* _DATA SUPPLIED_:
# # # # # # #

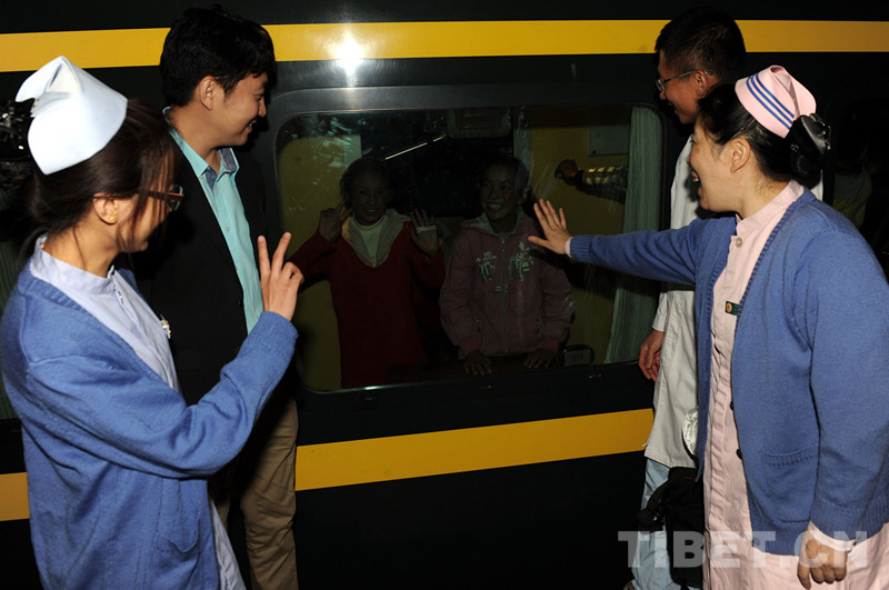 這是北京兒童醫(yī)院醫(yī)生在北京西站為術(shù)后乘火車(chē)返藏的先心病患兒送行告別(唐召明2012年9月28日攝)
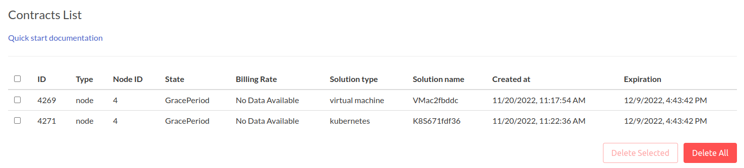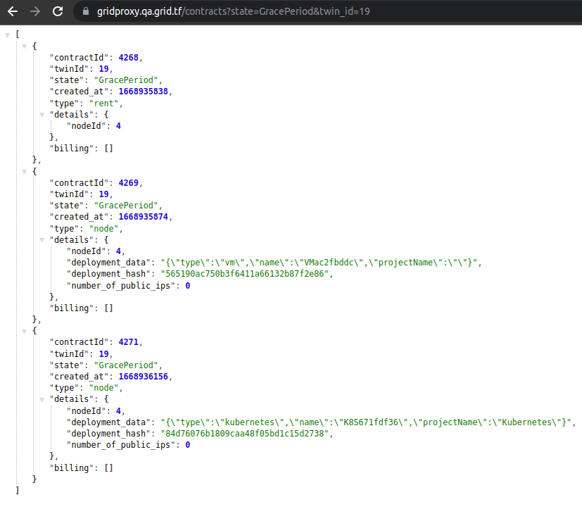 Additionally, users cannot delete contracts during the Grace Period, whether they are related to nodes, names, or rent. Workloads become usable again when the twin is funded with the required amount of TFT.
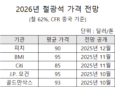 글로벌 투자은행, 신용평가사 등 주요 기관들의 예측도 철광석 가격이 내년 100달러를 밑돌 것이라는 전망으로 수렴하고 있다. 글로벌 신용 평가사 피치(Fitch Ratings)는 이달 4일 내년 철광석 평균 가격 전망치를 톤당 90달러로 제시했고, 글로벌 산업·원자재 리서치 기관 BMI도 11월, 내년 철광석 가격을 평균 95달러로 예측했다.
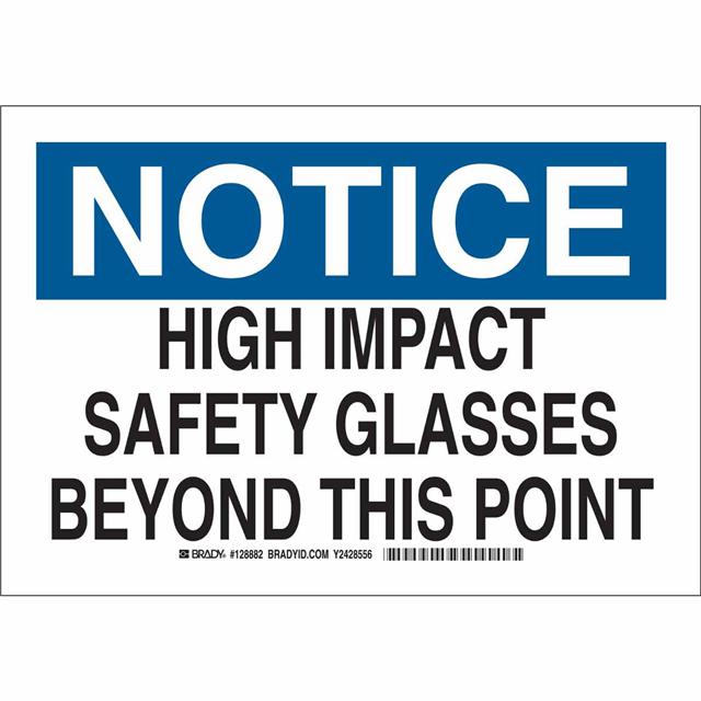 This is manufactured by Brady Corporation. The manufacturer part number is 128883. Label with a size of 14.00" l x 10.00" w (355.6mm x 254.0mm). The product is rohs3 compliant. It is assigned with possible HTSUS value of 8310.00.0000. It is shipped in bulk package . It has a classic black and blue legend, white background colour. The product brady®, is a highly preferred choice for users. The product is made from highly stable and reliable aluminum. In addition, it is reach unaffected. Its typical moisture sensitivity level is not applicable. A bespoke label is a notice. high impact safety glasses beyond this point label. The product is suitable for use with notice. The product is designated with the ear99 code number.
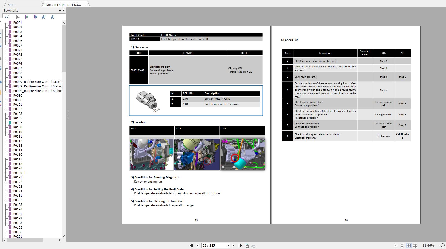Doosan Engine D24 D34 ECU DTC Troubleshooting Fault Codes SB4453E00

# # # # # # #

* _YOUR ASSIGNMENT_:
Your answer must be the lines from the opening line of the entries through the line holding "Additionally, users cannot", written out exactly and without any picture.

* _YOUR RESPONSE_:
 這是北京兒童醫(yī)院醫(yī)生在北京西站為術(shù)后乘火車(chē)返藏的先心病患兒送行告別(唐召明2012年9月28日攝)
 Additionally, users cannot delete contracts during the Grace Period, whether they are related to nodes, names, or rent. Workloads become usable again when the twin is funded with the required amount of TFT.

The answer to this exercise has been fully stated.